Coordinated regulation of integrin and CD9 through TLRs

To further prove the involvement of integrins in B1 cell migration, we examined the effect of blocking integrin function with antibodies. Thus, we performed short-term transfer experiments with peritoneal cells preincubated in vitro with integrin-blocking antibodies in the absence of any stimulation. Anti-α4 antibody treatment resulted in a modest decrease in B1 cell number in the peritoneal cavity and a slight increase in B1 cells that migrated to the spleen (Fig. 3 A). Similar results were obtained when peritoneal cells were preincubated with a combination of anti-α4, α6, and β1 antibodies (not depicted). Thus, down-modulation of integrins alone cannot explain the efficient egress of peritoneal B1 cells seen after TLR stimulation.

Figure 3.

Figure 3.

Egress of B1 cells requires coordinated down-regulation of integrins and CD9. (A) Total number of B220lowIgMhi B1 cells recovered from the peritoneal cavity (PEC), omentum (OM), mesenterium (MES), and spleen (SPL) 3 h after i.p. injection (without any TLR stimulation) into RAG-2−/− mice of peritoneal cells preincubated for 20 min with the indicated blocking antibodies. Mean ± standard error, n = 4–7, Student's t test. (B) CD9 and integrin α4, α6, and β1 flow cytometric profiles of IgM+ gated peritoneal cavity cells. (C) Representative IgM and CD9 profiles of B220+ gated peritoneal cavity cells 5 h after i.p. injection of PBS or 20 μg LPS. Numbers indicate the mean fluorescence intensity of CD9 in gated cells. (D) Kinetics of surface expression of CD9 (red line), integrin α4 (blue line), α6 (orange line), and β1 (black line) in WT mice (squares) and TLR-2,4−/− mice (circles) after i.p. injection of 20 μg LPS. (E) Frequency distribution of peritoneal cell velocities toward CXCL13 after incubation with isotype control or 200 μg/ml anti-CD9 antibodies at the 15-min time point. p-value was measured by Student's t test. (F) Velocity of peritoneal cells from WT mice (black) or CD9−/− mice (red) determined by measuring cell displacements with successive video frames (1 min) during 50-min chemotaxis. Data represent the mean ± standard error of a minimum of 40 cells tracked for each time point and cell phenotype. (G) Competitive migration between peritoneal B1 cells from GFP Tg mice (WT) and CD9−/− mice. B1 cells (1:1 ratio) were preincubated for 30 min with anti-α4 or anti-α4 and 200 μg/ml anti-CD9 antibodies and injected i.p. into RAG2−/− mice. Percentages of GFP+ (black bars) and GFP (white bars) cells in the B220lowIgMhi gate from the indicated tissues 3 h after injection. Error bars represent 95% confidence intervals, n = 2 mice/group.
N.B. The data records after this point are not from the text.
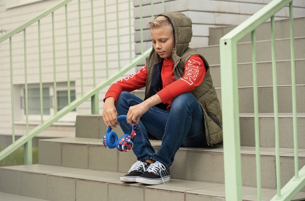 Sencor - Vezeték nélküli fejhallgató mikrofonnal 3,7V/400 mAh kék/piros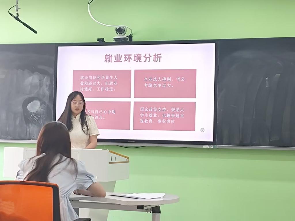 大赛中,同学们满怀自信地畅谈未来,他们从自我认知与定位、职业机会的评估、职业目标的选择、行动计划的制定和灵活调整五个方面运用PPT展示自己的就业规划和创业构思。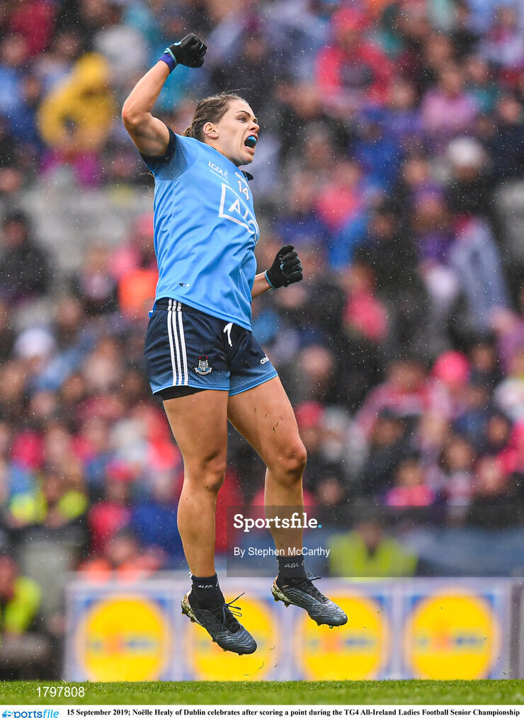 15 September 2019; Noëlle Healy of Dublin celebrates after scoring a point during the TG4 All-Ireland Ladies Football Senior Championship Final match between Dublin and Galway at Croke Park in Dublin. Photo by Stephen McCarthy/Sportsfile

CD9 is known to be selectively expressed by B1 cells (25) and to regulate cell motility (20). We found that CD9 expression on the surface of peritoneal B1 cells is correlative with α6 and β1 although not with α4 integrins (Fig. 3 B). These observations led us to examine if TLR stimulation induces modifications in CD9 expression that can be related with B1 cell migration out of the peritoneal cavity or peritoneum-associated tissues. As shown in Fig. 3 (C and D), i.p. stimulation with LPS induced a considerable down-regulation of CD9 expression on B1 cells 5 h after activation in WT mice but not in TLR2,4−/− mice. LPS-induced CD9 changes on B1 cells paralleled modulation of α4, α6, and β1 integrin expression, including a coordinated up-regulation 14 h after stimulation (Fig. 3 D). Furthermore, similar to α4, α6, and β1 integrins, CD9 down-regulation after TLR4 stimulation with lipid A was MyD88 independent, whereas that induced through TLR2 after PAM2CSK4 stimulation was dependent on MyD88 (Fig. 2 D). Strikingly, in vitro preincubation of peritoneal cells with both anti-α4 and anti-CD9 antibodies induced a significant depletion of B1 cells from the peritoneal cavity and a parallel increase in the number of B1 cells that migrated to the omentum, mesenterium, or spleen 3 h after transfer (Fig. 3 A). Anti-CD9 antibody treatment alone exerted a strong effect on peritoneal cell migration, with increased numbers of B1 cells being either in transit or already homed to the spleen.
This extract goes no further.